_SOURCE DATA_:
----------

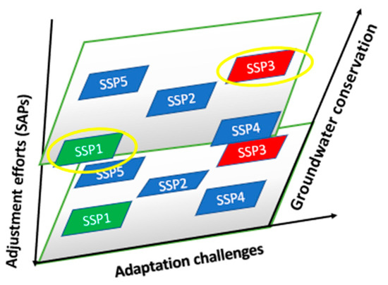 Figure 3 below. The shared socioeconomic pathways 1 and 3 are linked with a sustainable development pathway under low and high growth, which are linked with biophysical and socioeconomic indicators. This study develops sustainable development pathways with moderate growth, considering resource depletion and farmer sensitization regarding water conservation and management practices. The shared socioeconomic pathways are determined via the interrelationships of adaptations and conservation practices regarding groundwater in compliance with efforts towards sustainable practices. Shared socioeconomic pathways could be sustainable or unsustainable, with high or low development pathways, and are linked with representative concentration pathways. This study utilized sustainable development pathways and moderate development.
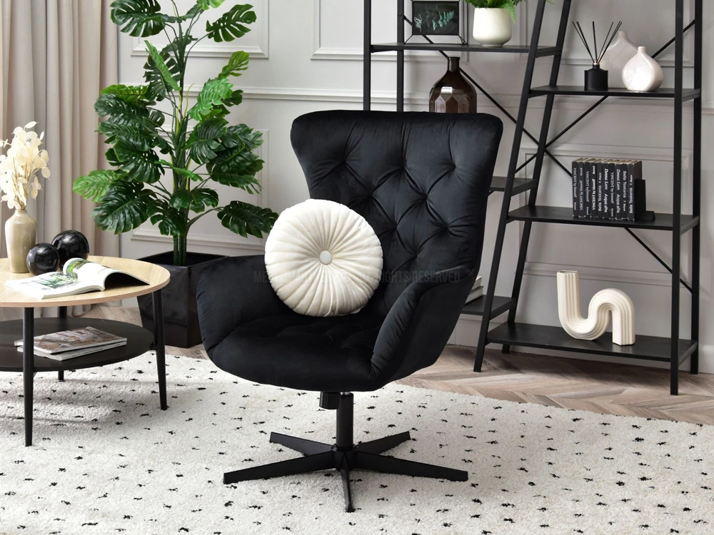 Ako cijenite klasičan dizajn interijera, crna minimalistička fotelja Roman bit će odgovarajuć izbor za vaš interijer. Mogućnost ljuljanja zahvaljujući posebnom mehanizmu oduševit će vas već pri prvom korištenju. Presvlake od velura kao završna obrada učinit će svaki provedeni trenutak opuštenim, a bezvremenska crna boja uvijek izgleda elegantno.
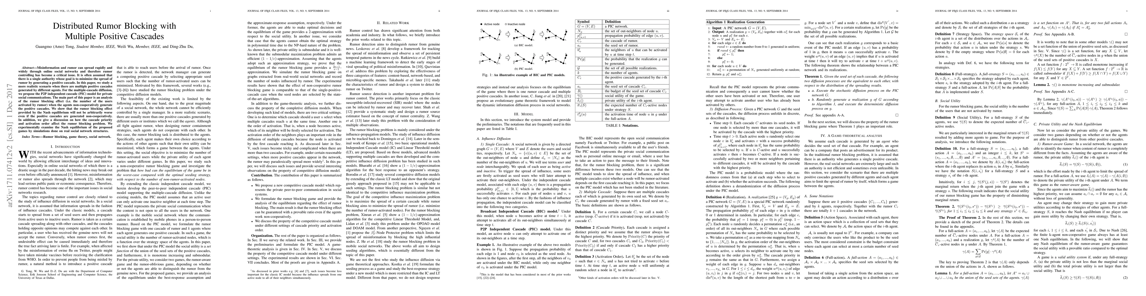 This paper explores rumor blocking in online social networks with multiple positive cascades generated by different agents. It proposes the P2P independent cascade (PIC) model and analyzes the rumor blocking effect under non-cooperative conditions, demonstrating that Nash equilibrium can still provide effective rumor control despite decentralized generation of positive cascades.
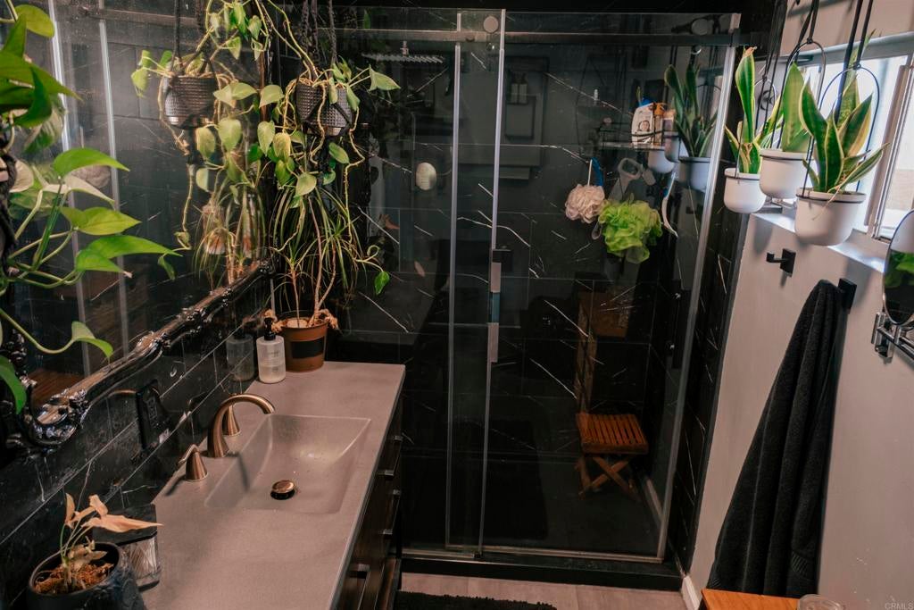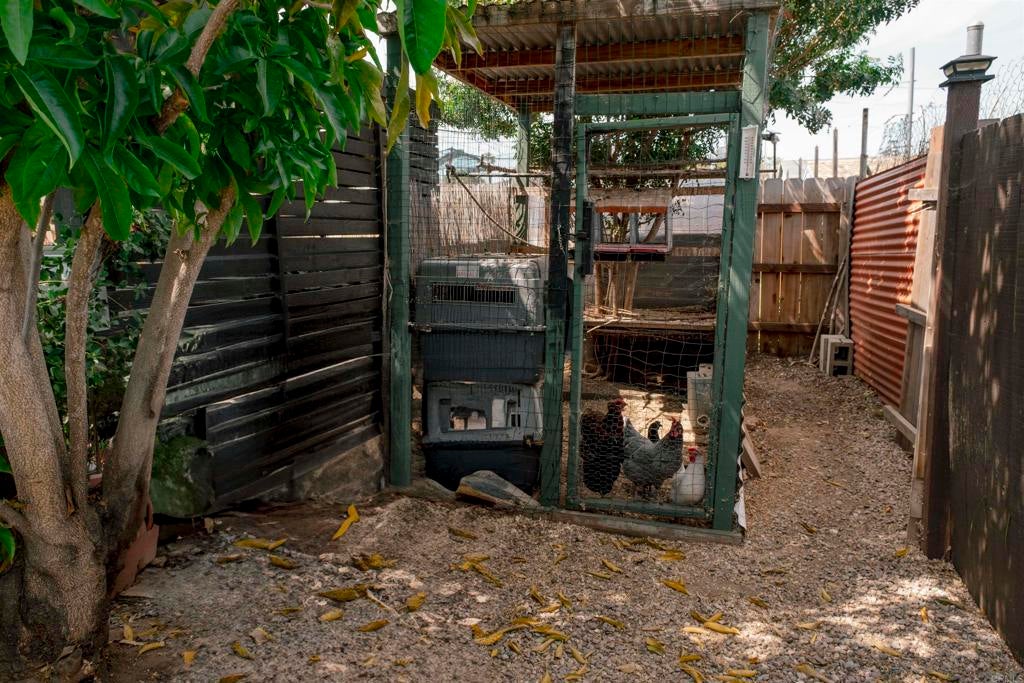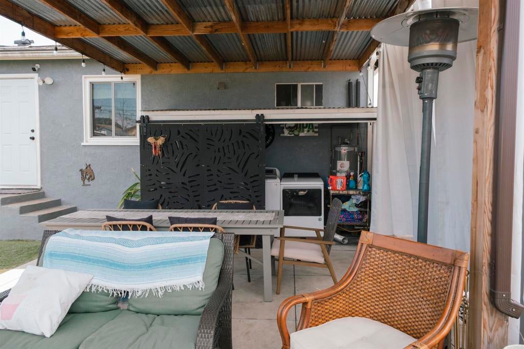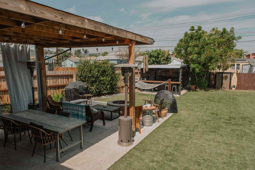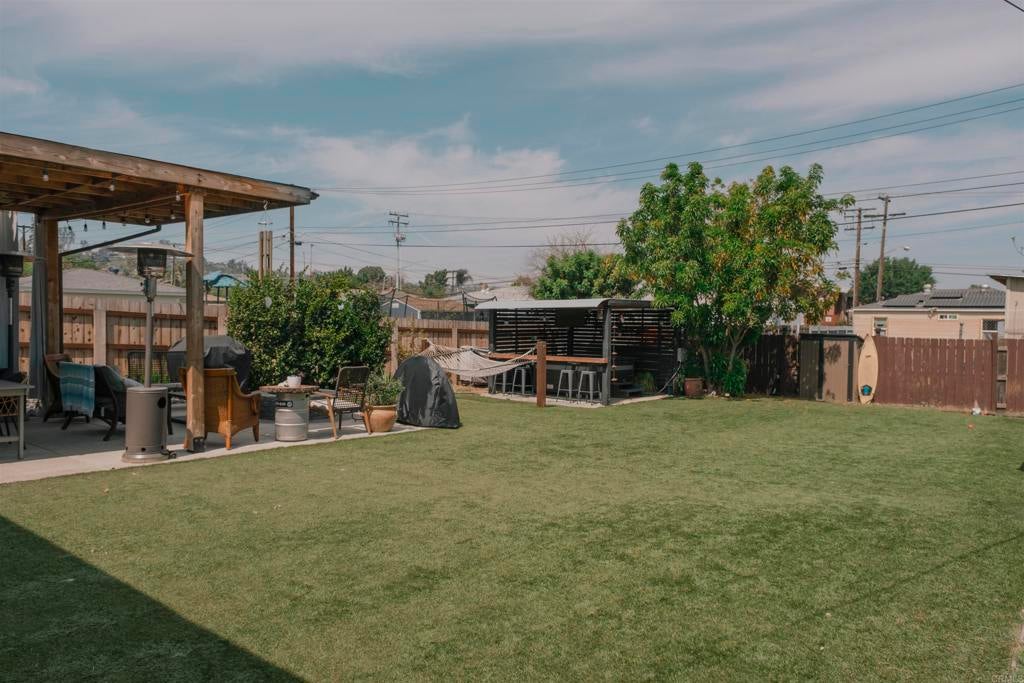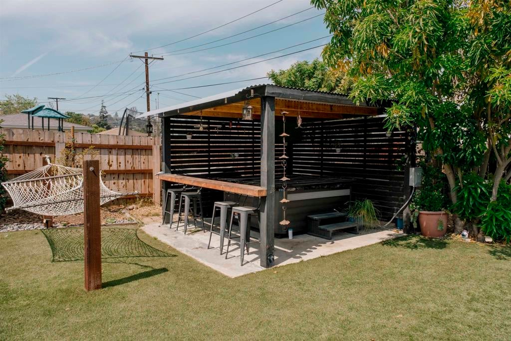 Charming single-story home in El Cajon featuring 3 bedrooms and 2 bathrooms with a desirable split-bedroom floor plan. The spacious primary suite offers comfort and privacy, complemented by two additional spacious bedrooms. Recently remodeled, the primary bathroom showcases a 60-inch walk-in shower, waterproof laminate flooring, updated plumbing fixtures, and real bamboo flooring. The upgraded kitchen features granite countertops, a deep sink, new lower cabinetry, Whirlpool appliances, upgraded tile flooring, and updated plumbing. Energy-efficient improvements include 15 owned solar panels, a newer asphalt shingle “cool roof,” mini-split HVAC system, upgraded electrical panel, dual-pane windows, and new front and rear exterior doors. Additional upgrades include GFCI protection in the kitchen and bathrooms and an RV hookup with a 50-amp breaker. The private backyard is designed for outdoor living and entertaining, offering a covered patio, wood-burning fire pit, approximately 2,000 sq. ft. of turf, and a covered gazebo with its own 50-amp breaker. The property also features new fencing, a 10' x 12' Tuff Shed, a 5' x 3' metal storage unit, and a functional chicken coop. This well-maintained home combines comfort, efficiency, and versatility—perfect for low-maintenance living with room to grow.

----------

_WHAT IS REQUIRED_:
Return only the lines running from the top of the data to the line that holds "Ako cijenite klasičan". Include both of those lines, but skip the pictures.

_TASK ANSWER_:
 Figure 3 below. The shared socioeconomic pathways 1 and 3 are linked with a sustainable development pathway under low and high growth, which are linked with biophysical and socioeconomic indicators. This study develops sustainable development pathways with moderate growth, considering resource depletion and farmer sensitization regarding water conservation and management practices. The shared socioeconomic pathways are determined via the interrelationships of adaptations and conservation practices regarding groundwater in compliance with efforts towards sustainable practices. Shared socioeconomic pathways could be sustainable or unsustainable, with high or low development pathways, and are linked with representative concentration pathways. This study utilized sustainable development pathways and moderate development.
 Ako cijenite klasičan dizajn interijera, crna minimalistička fotelja Roman bit će odgovarajuć izbor za vaš interijer. Mogućnost ljuljanja zahvaljujući posebnom mehanizmu oduševit će vas već pri prvom korištenju. Presvlake od velura kao završna obrada učinit će svaki provedeni trenutak opuštenim, a bezvremenska crna boja uvijek izgleda elegantno.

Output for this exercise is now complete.